Try it:
Quote the records exactly, starting at the first line and stopping after the line with "Während die Kartoffeln"; skip the pictures.

Available records:
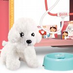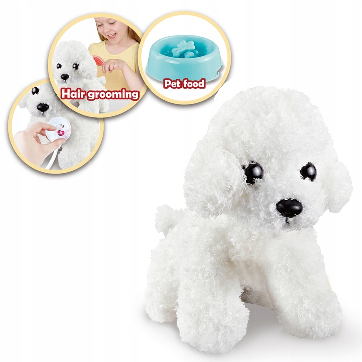 Setul include un caine moale, de plus, alb, caruia copiii ii pot oferi grija si dragoste.
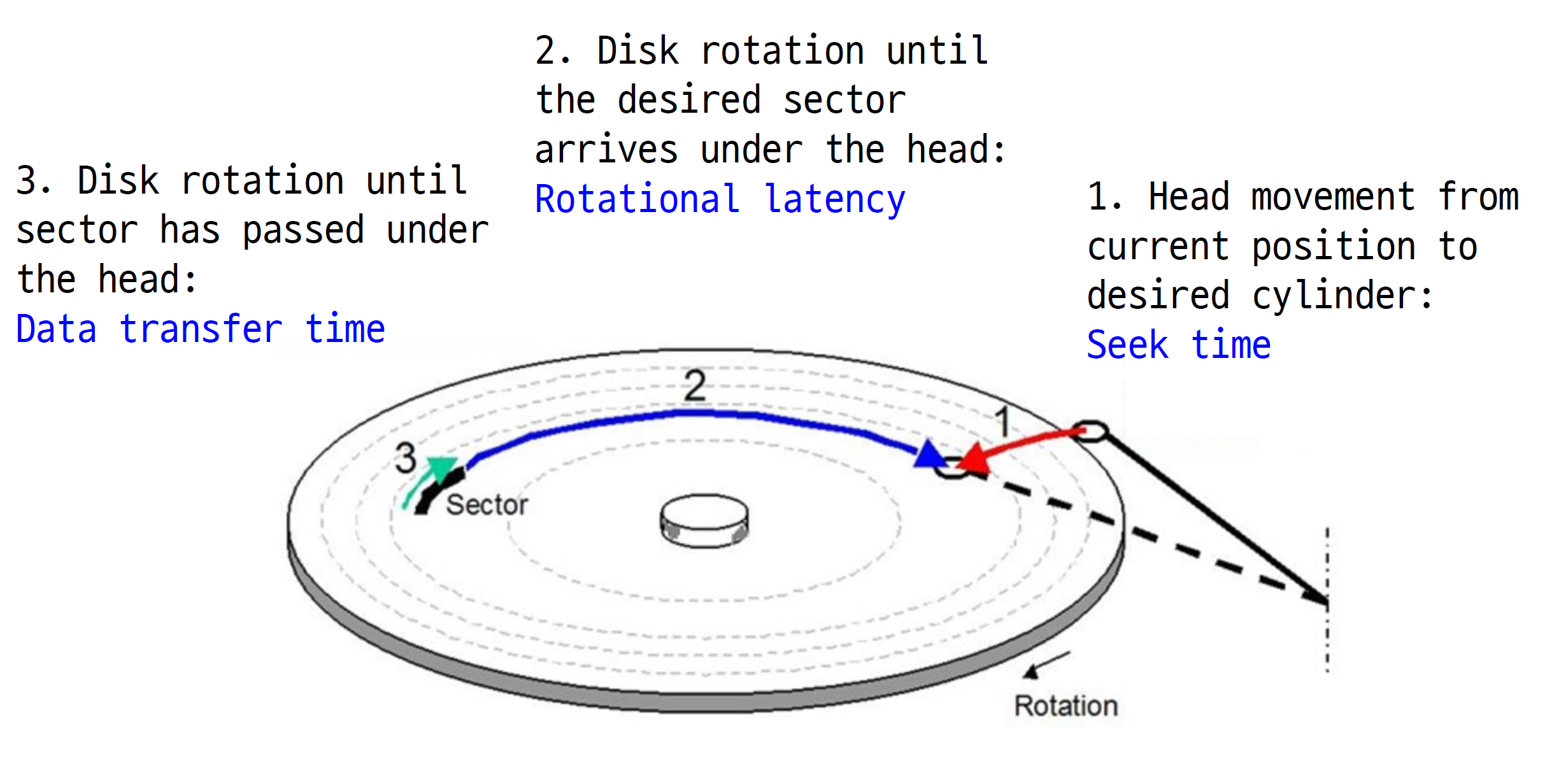 즉, seek은 트랙을 맞추는 시간, rotation은 디스크를 회전시켜서 섹션을 맞추는 시간, transfer은 읽어들이는 시간이다.
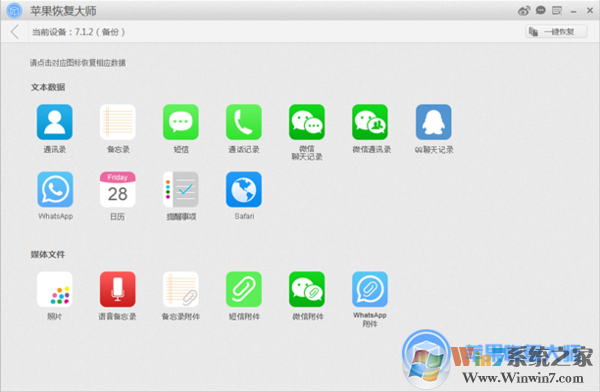 2、進(jìn)入下一個(gè)界面后,你就可以單項(xiàng)查看iTunes備份中的17項(xiàng)數(shù)據(jù),具體如下所示:
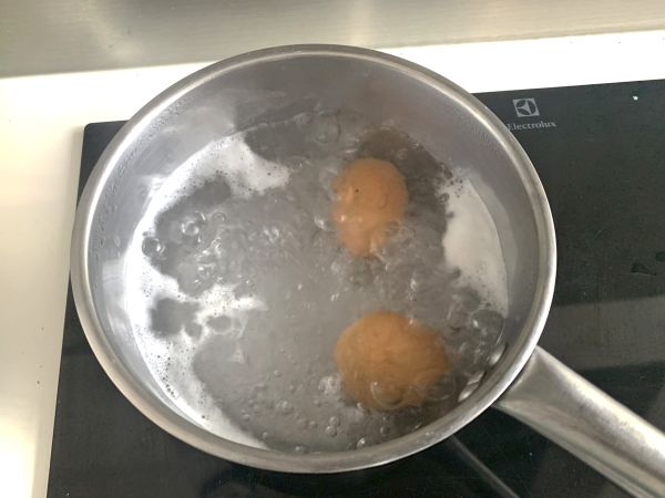 Während die Kartoffeln kochen, die Eier etwa 10 Minuten in Wasser kochen. Danach unter kaltem Wasser abschrecken und pellen.
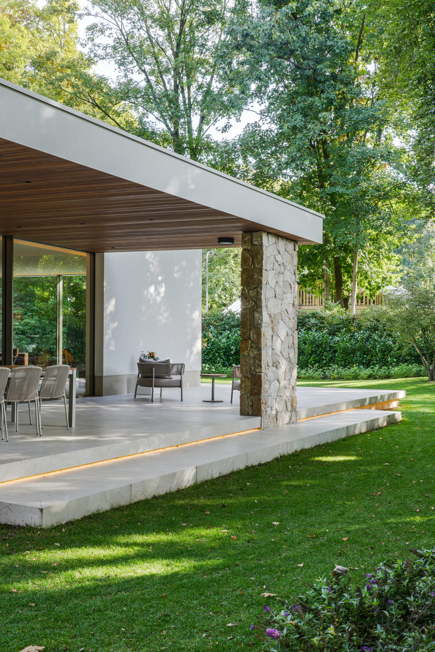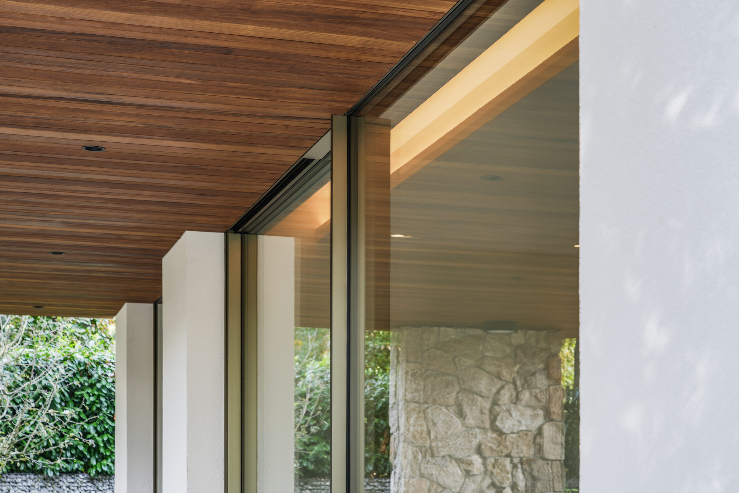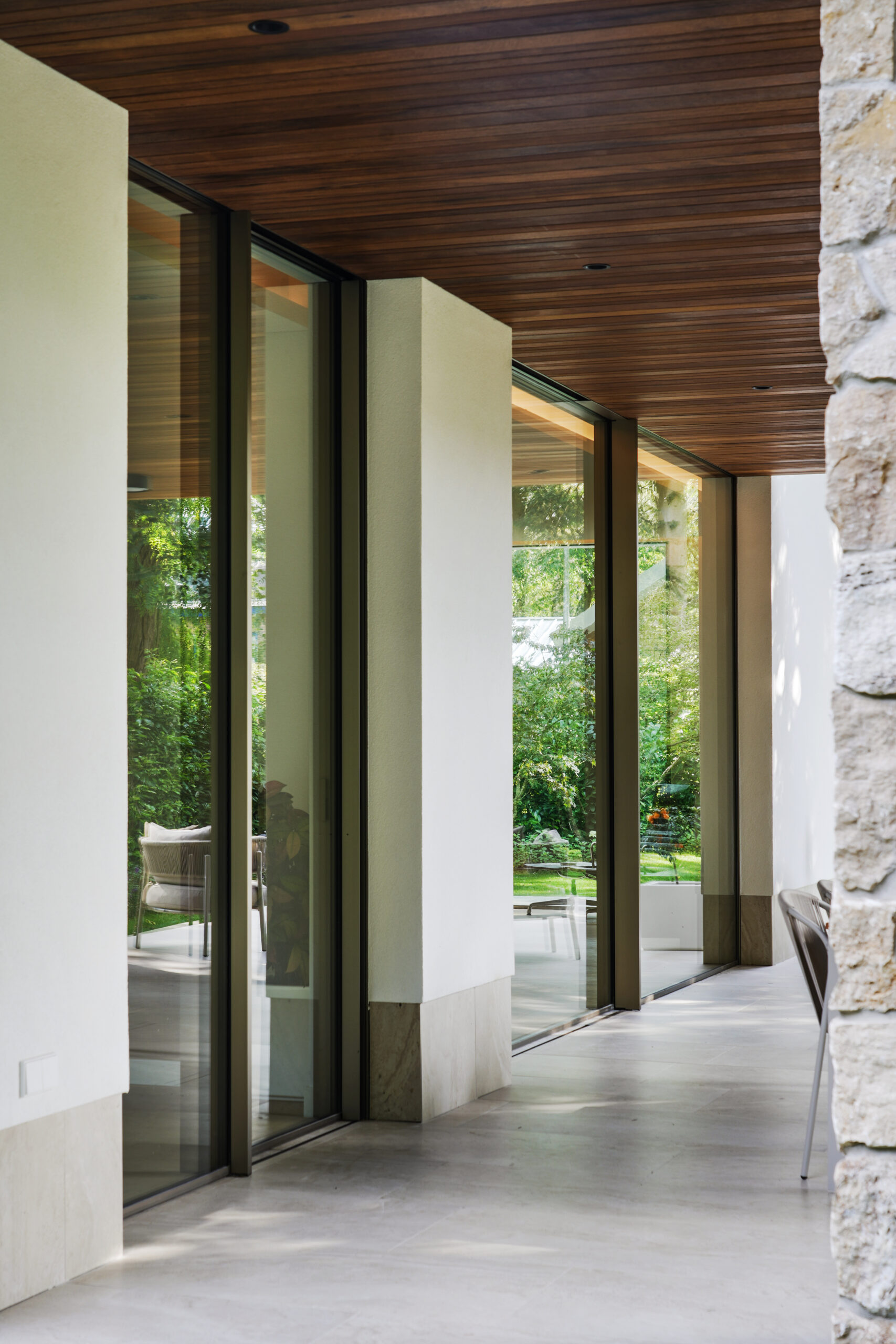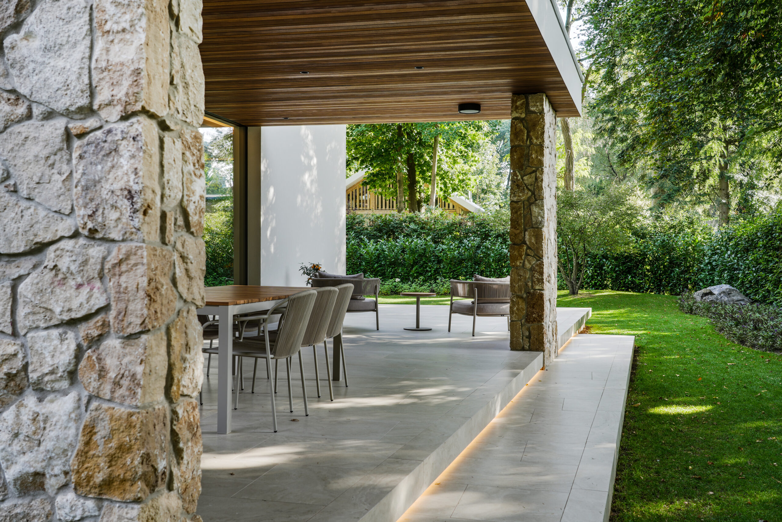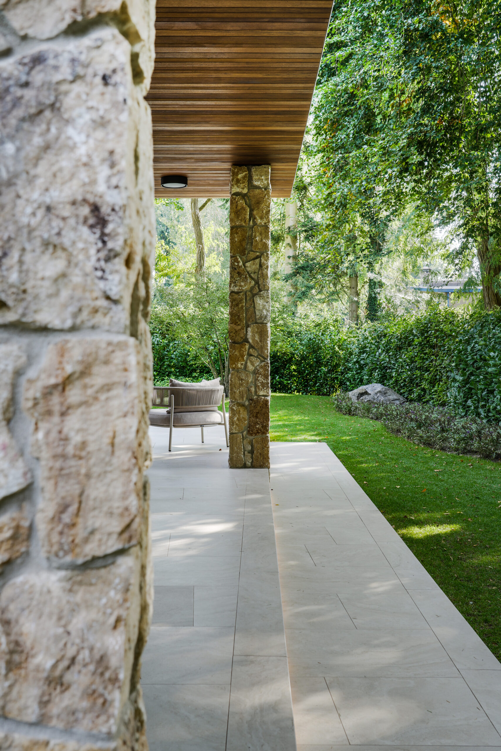 Deze moderne bungalow in Bennekom is een harmonieuze combinatie van strakke architectuur en natuurlijke materialen. Het minimalistische witte volume wordt prachtig verzacht door warm hout en stoere natuursteen accenten, die zowel binnen als buiten subtiel terugkeren. De royale overkapping met robuuste natuurstenen kolommen vormt een naadloze overgang tussen woning en tuin, terwijl de grote glaspartijen het groene landschap naar binnen halen. Een tijdloze woning waarin rust, luxe en natuur perfect samenkomen. Fotografie: Robert Koelewijn Fotografie.

Task result:
 Setul include un caine moale, de plus, alb, caruia copiii ii pot oferi grija si dragoste.
 즉, seek은 트랙을 맞추는 시간, rotation은 디스크를 회전시켜서 섹션을 맞추는 시간, transfer은 읽어들이는 시간이다.
 2、進(jìn)入下一個(gè)界面后,你就可以單項(xiàng)查看iTunes備份中的17項(xiàng)數(shù)據(jù),具體如下所示:
 Während die Kartoffeln kochen, die Eier etwa 10 Minuten in Wasser kochen. Danach unter kaltem Wasser abschrecken und pellen.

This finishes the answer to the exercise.